石磊
粤菜大师林振国先生翩然自澳门来,林教头关外女弟子芭比小姐,热腾腾治局于前滩山海潮,元旦日,欣欣然,与林教头师徒们,食一夜顺德饭。
冷碟子轻描淡写,林教头瞄一眼桌上,一副吃不吃都无所谓的神色,成竹在胸,好戏在后头,慢慢、款款暖场子。
果然,冷碟子的尽头,是烧腊的起点。这句,严肃地套一下经典,人之尽头,神之起点。一碟卤水鹅肝,阴柔悱恻,缠绵之至,美物也。另一个碟子,陈皮灌汤烧鹅,十分绝色,卤制之前,将卤汁灌入烧鹅,拿线缝紧,卤成的烧鹅,比干卤的作品,更为滋润肥腴。

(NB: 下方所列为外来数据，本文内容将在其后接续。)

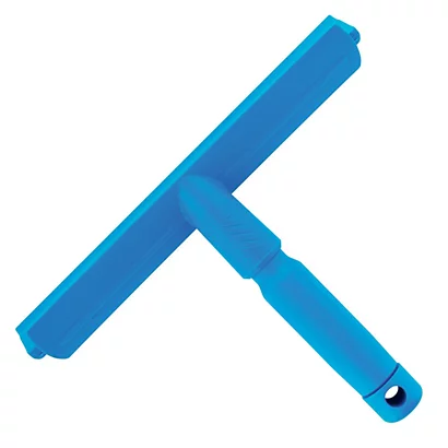 Idéal pour racler les plans de travail inox en mileu alimentaire. Cette raclette peut être passée au lave-vaisselle pour son entretien et peut également être stérilisée à 121°C. En polypropylène. dim. : 200 x 270 mm. Coloris bleu.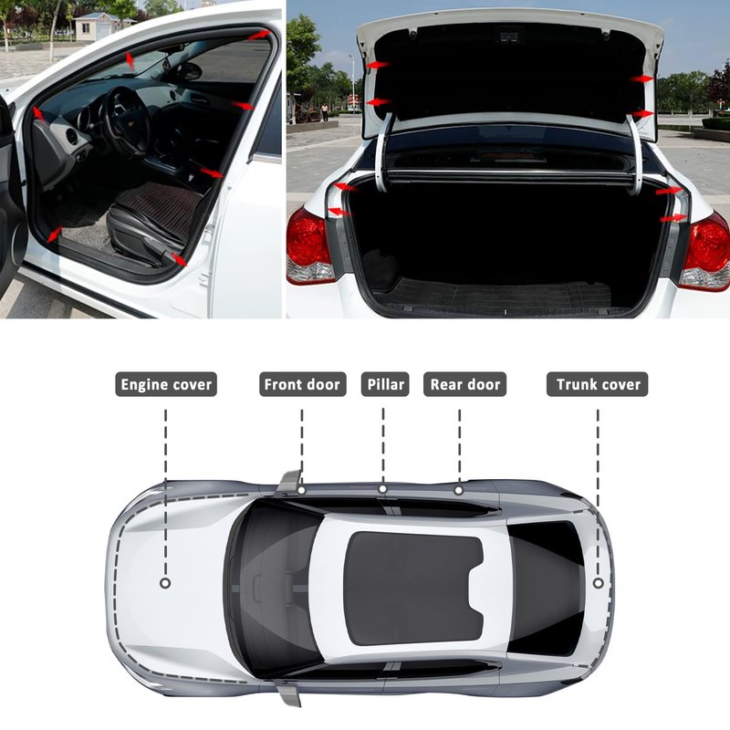 - ⌛ Easy to Install: This car weather stripping is easy to install, no glue required. Just peel off the surface of the adhesive backing and stick it along the position you need to seal, you can cut it freely. The adhesive backing is non-marking and the adhesive structure is solid, tearing off without leaving traces and does not hurt the car paint.

工序太过麻烦,本埠似乎绝无仅有。嘉禄老师殷勤劝食,先替身旁女饭伴搛了一块瘦鹅肉,然后替自己搛了一块肥的,幸福地大快朵颐。林教头的这碟子灌汤烧鹅,添了陈皮丝,滋味格外窈窕多层次。顺便就问了林教头一堆陈皮的事情,林教头讲,每年惯例,囤两吨新会陈皮。供不应求之余,担心假货,比如广西的陈皮跑到新会晒晒太阳,就算新会货色了,等等。所以,如今每到陈皮季节,林教头都要派心腹徒弟,跑到新会督阵,看着摘果子看着剥皮看着晒太阳。Darling,吃一碟子陈皮灌汤烧鹅,功夫无限还罢了,用心也良苦的啊啊啊。
捞生,今晚捞的是蚌片,服务生小姐一边歌唱一边捞,真的捞得风生水起有声有色。林教头很开心,讲,啊呀,新加坡马来西亚那里,捞得开心啊,天天捞,捞到过完年才作罢。潮汕人赚钱叫捞钱的,不捞怎么行啊?哈哈哈哈,林教头笑起来像黄飞鸿老年版。

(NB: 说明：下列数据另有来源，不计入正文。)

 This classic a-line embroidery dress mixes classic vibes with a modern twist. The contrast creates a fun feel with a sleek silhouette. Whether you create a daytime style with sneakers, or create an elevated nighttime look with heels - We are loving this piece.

溏心萝卜炖响螺,溏心萝卜是十年陈老菜脯,陈得黯然销魂的样子,厚厚一切在汤盅里。三煲四炖,炖足四个钟头,汤清甜可喜,菜脯的沉香,像一缕汤魂。如果汤有魂灵的话,大概就是这个样子的吧。林教头讲,十年陈差不多了,言下之意,再陈下去,就是凡尔赛了啦。
场子暖到此时此刻,高潮就纷至沓来了。
霸王鳖鸡,这个菜如今也是常见的,不过林教头的版本,与众不同,通常都是汤菜,一鳖一鸡,大大煲上桌。今晚林教头的,是清焖的焖菜,汤汁浅浅,只落姜与盐调味。食来裙边糯而润,精华满蕴,滋味浑厚深沉,确实远胜汤菜的散漫。词家论词,词至浑,功夫十分矣。论菜,亦当如是。赞不绝口之余,盯着林教头问,这是什么路数的制法?林教头讲,顺德地方有个勒流镇,六十年代,那里有个厨师,在政府厨房工作,特别擅长做清焖菜,他是我朋友的岳父,可惜,他进政府厨房进得太早了,否则,我可以跟他学十年功夫,我后来是跟他的徒弟学的这一手。听完哑然,林教头今年七十岁,一开口,都是以十年计的。
看大家食过霸王鳖鸡,教头起身,讲,我来煎鱼嘴给你们食。顺德堂煎鱼嘴,从头看到尾,没有多少秘诀花样,无非老老实实清油煎而已,难是难在火候分寸上,教头煎成的鱼嘴,香酥其外,腴润其内,尽得鱼嘴之曼妙。食完,意犹未尽,跟教头问,顺德鱼云羹,是如何制法。教头慢慢叙来,与扬州三头之一的拆烩鱼头,异曲同工。
陈村粉蒸花胶,落一点点姜蓉,陈村粉是不是空运来的?不是,空运的不好吃,店里天天自己制的粉,洁白细滑如丝如绢,娇滴滴如歌如诉,上海市面上九成九的粉,粗恶如414毛巾。教头讲,还有一道好吃的,蛋白炒陈村粉,啧啧啧,听听都性感无比,今晚吃不到,馋煞人的苦。
柚子皮焖九节虾,柚子皮是个好吃东西,也是个麻烦东西,几天几夜,超难服侍的。林教头取的是泰国柚子皮,无苦味,以鱼汤、虾干、虾籽与猪油,焖到天荒地老、入口即化的滴滴糯。鱼汤,还一定要鲮鱼的鱼汤,才够香。虾籽焖柚皮,从前香港老派茶楼上,还食得到这一碟,如今恐怕是杳然了。问教头,你们顺德人,怎么想到吃柚子皮的呢?教头拿出黄飞鸿式的笑,讲,从前穷啊,废物利用啊。
饭后林教头总结顺德菜精华风致:清,鲜,爽,滑,嫩。听完黯然,这五个关于美食的字,英文里,一个也没有。包子跟我讲,中国人特别会吃,中国人关于吃的字,特别多。就像爱斯基摩人有九十三个字,形容海上浮冰;亚马逊人有二十多个字,形容绿。而中国人,有无穷的字,形容食。